What would a Boston movie generated by a computer algorithm look like? A crime movie, to be sure, with a plot vaguely tied to Southie. Mark Wahlberg is definitely in it. Add in a few nods to the Red Sox and a cast whose accents range from passable to terrible, and you’ve got yourself a feature film.
That appears to be the thinking behind “Spenser Confidential,” Wahlberg’s new film out on Netflix today. Based on the late author Robert B. Parker’s series of detective novels — which also provided the source material for the 1980s show “Spenser: For Hire,” and several TV movies — “Spenser Confidential” is a bland, predictable procedural that’s destined to be quickly forgotten and lost in the cavernous depths of the Netflix streaming library.
“Spenser Confidential” begins with ex-Boston cop Spenser (Wahlberg) completing a five-year prison stint in Walpole for beating up a corrupt police captain. Once he gets out, he plans to briefly stay with his old friend Henry (Alan Arkin, “Argo”) before leaving Boston for good. That’s the plan, anyway — before the corrupt captain and one of Spenser’s detective friends from the academy turn up dead. With the help of Henry and his roommate, aspiring MMA fighter Hawk (Winston Duke, “Black Panther”), Spenser digs deeper into a sprawling criminal underworld.
The role of Spenser, a blue-collar guy with a heart of gold who is outraged by injustice, is in the dead center of Wahlberg’s comfort zone. The actor gives a perfectly capable performance, albeit one that anyone who has seen a Wahlberg movie in the past decade will be familiar with. Berg, who has now directed Wahlberg five times in movies like “Patriots Day” and “Lone Survivor,” knows how to choreograph basic action scenes, which make for an enjoyable, if perfunctory, spectacle.
Locals may also enjoy spotting their neighborhood haunts on screen, with Boston, Malden, Raynham, Revere, and Weston all making appearances. (Others may be turned off by the incessant tracking shots of the Boston skyline that seem to reappear every five minutes.)
To call the film’s plot “paint by numbers” does a disservice to children’s art kits. Wahlberg essentially wanders around for 110 minutes getting the crap beaten out of him, adding each subsequent ass-kicker to his list of people who are “in on it.” What exactly they’re in on is unclear, despite the expository dialogue provided by an ex-Boston Globe journalist (played by Marc Maron) that implicates dirty cops, corrupt politicians, greedy real estate developers, white supremacists, Dominican gangs, and a partridge in a pear tree.

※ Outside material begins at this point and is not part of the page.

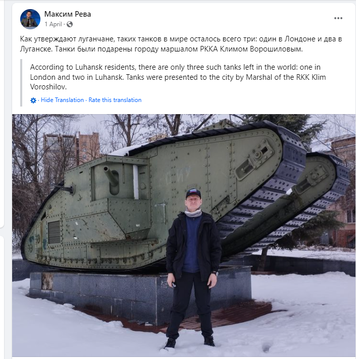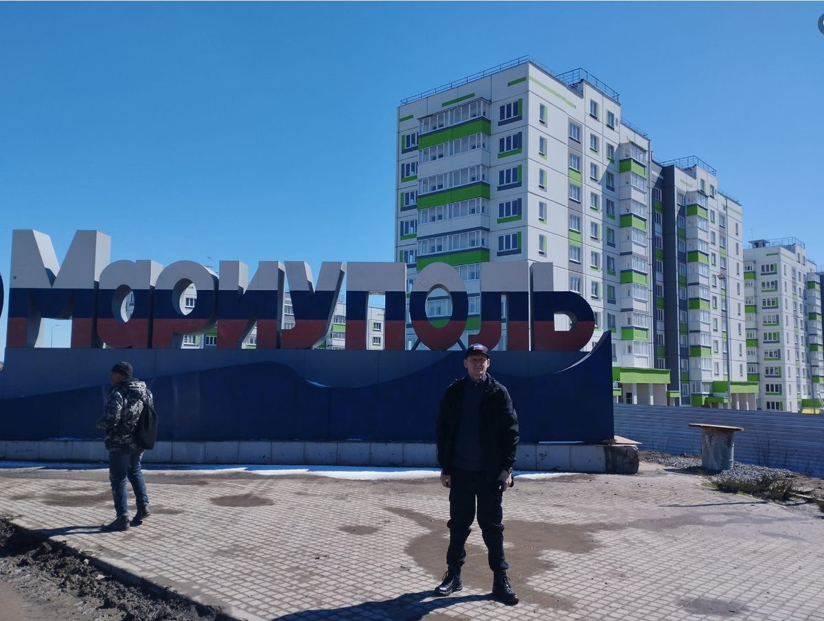 Reva tuuritas tänavu kevadel okupeeritud Ida-Ukrainas, peas Venemaa lipuga müts; ka Mariupoli linna silt on värvitud samadesse värvidesse ning Reva on selle üle mõistagi rõõmus.

As Hawk, Duke is given little to work with, initially functioning as a mash-up of characteristics — an MMA fighter who can’t punch and loves new-age superfoods — designed to irk Spenser’s old-school sensibilities before quickly becoming a valuable ally. As Spenser’s onetime gal pal Cissy, Iliza Shlesinger’s role is similarly underwritten. While the comedian lands a few good one-liners, she’s mostly stuck playing a Southie ex-girlfriend trope, even yelling “Go Sox!” during the climax of a cringeworthy sex scene.
Maybe only locals will notice, but many of the film’s Boston-specific touches feel like they were focus-grouped in a boardroom. In one scene, Spenser walks into an Irish bar packed with cops watching a Sox game on TV where fans are singing “Sweet Caroline.” Add in the film’s soundtrack, which features Aerosmith’s “Sweet Emotion” and Boston’s “Foreplay/Long Time,” and you’ve completely filled out your Boston Movie Bingo card.
Near the end of the film, Spenser describes yet another bad guy connected to the big case as an “Irish mob throwback” from “back when the Irish mob existed outside all those s***** movies.” Unfortunately for Wahlberg, Berg, and everyone else involved, the majority of those “s***** movies” are a cut above “Spenser Confidential.”
Should you watch “Spenser Confidential”?:
Only if you’re a Boston movie completionist. Otherwise, just rewatch “The Town” and save yourself two hours.